PROBLEM TO SOLVE - Transcribe all the data below exactly, leaving its pictures out.

INFORMATION SUPPLIED -
━━━━━━

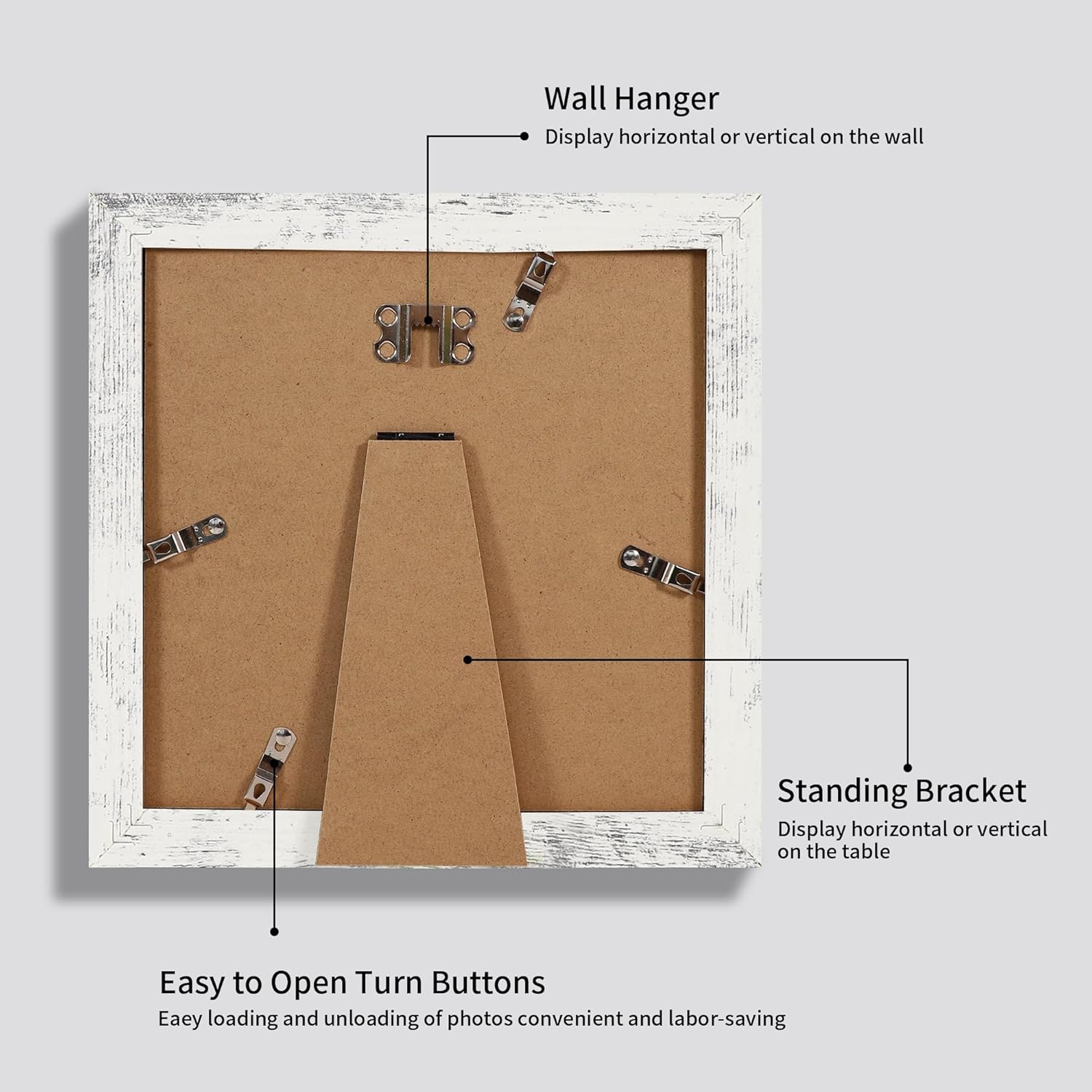- Multi Frames Collage Set: Includes 4 frames in the same size. Perfectly fits 6x6 inch pictures with mat or 8x8 inch without mat. The frame opening display size is 0.5 inches smaller than the photo size for secure mounting.
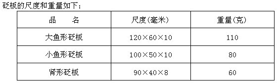 (1)砭鏟:砭鏟長110毫米,寬55毫米,厚10毫米,重130克。適用于刮法和擦法。
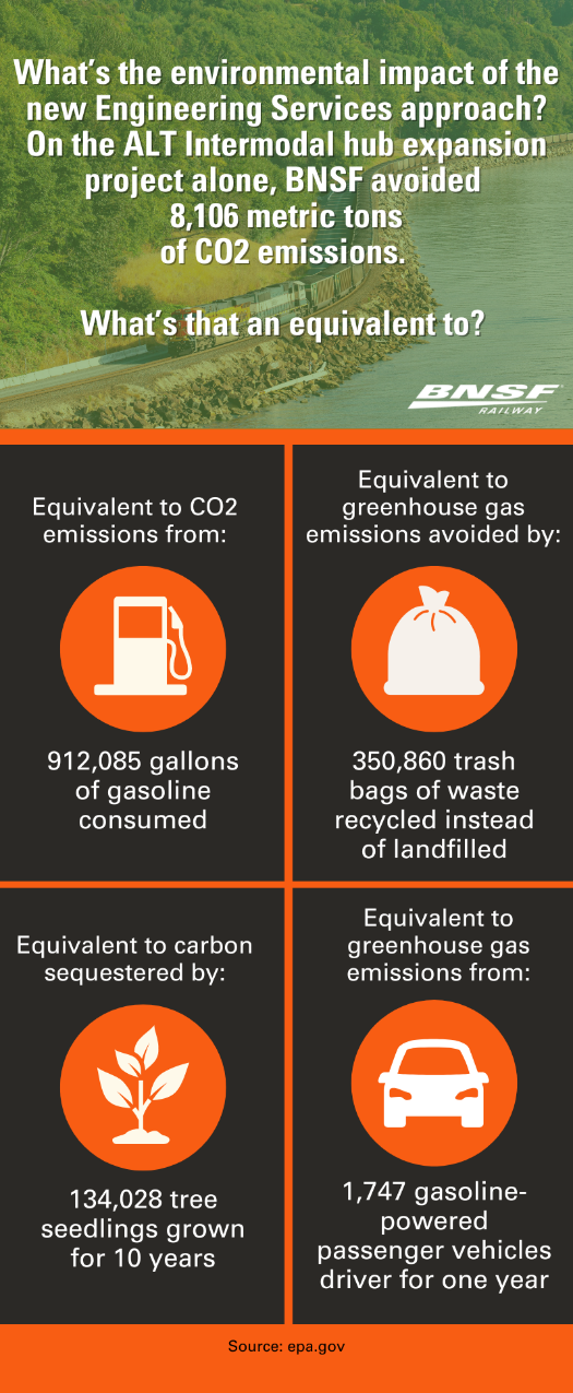 The recent expansion of our Alliance intermodal hub is a great example of how Engineering Services applies these sustainability principles to achieve results in a construction project.

━━━━━━

WRITTEN ANSWER -
- Multi Frames Collage Set: Includes 4 frames in the same size. Perfectly fits 6x6 inch pictures with mat or 8x8 inch without mat. The frame opening display size is 0.5 inches smaller than the photo size for secure mounting.
 (1)砭鏟:砭鏟長110毫米,寬55毫米,厚10毫米,重130克。適用于刮法和擦法。
 The recent expansion of our Alliance intermodal hub is a great example of how Engineering Services applies these sustainability principles to achieve results in a construction project.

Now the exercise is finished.